Project maintainers aim for a quick turnaround on refactoring pull requests, so
where possible keep them short, uncomplex and easy to verify.


"Decision Making" Process
-------------------------

The following applies to code changes to the Bitcoin Core project (and related
projects such as libsecp256k1), and is not to be confused with overall Bitcoin
Network Protocol consensus changes.

Whether a pull request is merged into Bitcoin Core rests with the project merge
maintainers and ultimately the project lead.

Maintainers will take into consideration if a patch is in line with the general
principles of the project; meets the minimum standards for inclusion; and will
judge the general consensus of contributors.

In general, all pull requests must:

  - have a clear use case, fix a demonstrable bug or serve the greater good of
    the project (for example refactoring for modularisation);
  - be well peer reviewed;
  - have unit tests and functional tests where appropriate;
  - follow code style guidelines;
  - not break the existing test suite;
  - where bugs are fixed, where possible, there should be unit tests
    demonstrating the bug and also proving the fix.

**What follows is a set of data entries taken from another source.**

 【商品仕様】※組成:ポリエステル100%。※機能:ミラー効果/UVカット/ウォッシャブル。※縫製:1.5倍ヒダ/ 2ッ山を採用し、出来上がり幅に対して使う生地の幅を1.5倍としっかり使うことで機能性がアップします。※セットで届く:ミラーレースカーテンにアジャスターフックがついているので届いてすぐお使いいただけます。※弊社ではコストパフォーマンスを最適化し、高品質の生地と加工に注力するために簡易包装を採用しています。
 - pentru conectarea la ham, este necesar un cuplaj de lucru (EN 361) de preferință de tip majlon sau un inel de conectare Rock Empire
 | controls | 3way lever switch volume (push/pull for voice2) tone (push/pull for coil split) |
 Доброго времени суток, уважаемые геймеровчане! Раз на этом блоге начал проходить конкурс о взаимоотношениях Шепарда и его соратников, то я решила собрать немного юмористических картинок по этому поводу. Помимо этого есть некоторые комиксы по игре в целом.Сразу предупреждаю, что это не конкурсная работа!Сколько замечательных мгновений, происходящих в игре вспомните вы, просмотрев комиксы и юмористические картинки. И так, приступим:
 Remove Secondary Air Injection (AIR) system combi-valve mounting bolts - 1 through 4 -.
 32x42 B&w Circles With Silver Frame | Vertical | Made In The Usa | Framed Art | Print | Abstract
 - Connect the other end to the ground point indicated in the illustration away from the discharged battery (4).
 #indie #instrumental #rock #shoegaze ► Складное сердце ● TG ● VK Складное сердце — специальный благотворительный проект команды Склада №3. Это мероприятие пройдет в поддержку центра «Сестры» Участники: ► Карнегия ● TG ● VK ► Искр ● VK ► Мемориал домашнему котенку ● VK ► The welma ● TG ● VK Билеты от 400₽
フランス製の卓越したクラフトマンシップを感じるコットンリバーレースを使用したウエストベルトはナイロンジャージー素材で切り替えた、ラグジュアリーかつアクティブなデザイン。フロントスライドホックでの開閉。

This helps prevent regression.

Patches that change Bitcoin consensus rules are considerably more involved than
normal because they affect the entire ecosystem and so must be preceded by
extensive mailing list discussions and have a numbered BIP. While each case will
be different, one should be prepared to expend more time and effort than for
other kinds of patches because of increased peer review and consensus building
requirements.


###Peer Review

Anyone may participate in peer review which is expressed by comments in the pull
request. Typically reviewers will review the code for obvious errors, as well as
test out the patch set and opine on the technical merits of the patch. Project
maintainers take into account the peer review when determining if there is
consensus to merge a pull request (remember that discussions may have been
spread out over GitHub, mailing list and IRC discussions). The following
language is used within pull-request comments:

  - ACK means "I have tested the code and I agree it should be merged";
  - NACK means "I disagree this should be merged", and must be accompanied by
    sound technical justification (or in certain cases of copyright/patent/licensing
    issues, legal justification). NACKs without accompanying reasoning may be
    disregarded;
  - utACK means "I have not tested the code, but I have reviewed it and it looks
    OK, I agree it can be merged";
  - Concept ACK means "I agree in the general principle of this pull request";
  - Nit refers to trivial, often non-blocking issues.

Reviewers should include the commit hash which they reviewed in their comments.

Project maintainers reserve the right to weigh the opinions of peer reviewers
using common sense judgement and also may weight based on meritocracy: Those
that have demonstrated a deeper commitment and understanding towards the project
(over time) or have clear domain expertise may naturally have more weight, as
one would expect in all walks of life.

Where a patch set affects consensus critical code, the bar will be set much
higher in terms of discussion and peer review requirements, keeping in mind that
mistakes could be very costly to the wider community. This includes refactoring
of consensus critical code.

Where a patch set proposes to change the Bitcoin consensus, it must have been
discussed extensively on the mailing list and IRC, be accompanied by a widely
discussed BIP and have a generally widely perceived technical consensus of being
a worthwhile change based on the judgement of the maintainers.


Release Policy
--------------

The project leader is the release manager for each Bitcoin Core release.

Copyright
---------

By contributing to this repository, you agree to license your work under the 
MIT license unless specified otherwise in `contrib/debian/copyright` or at 
the top of the file itself. Any work contributed where you are not the original 
author must contain its license header with the original author(s) and source.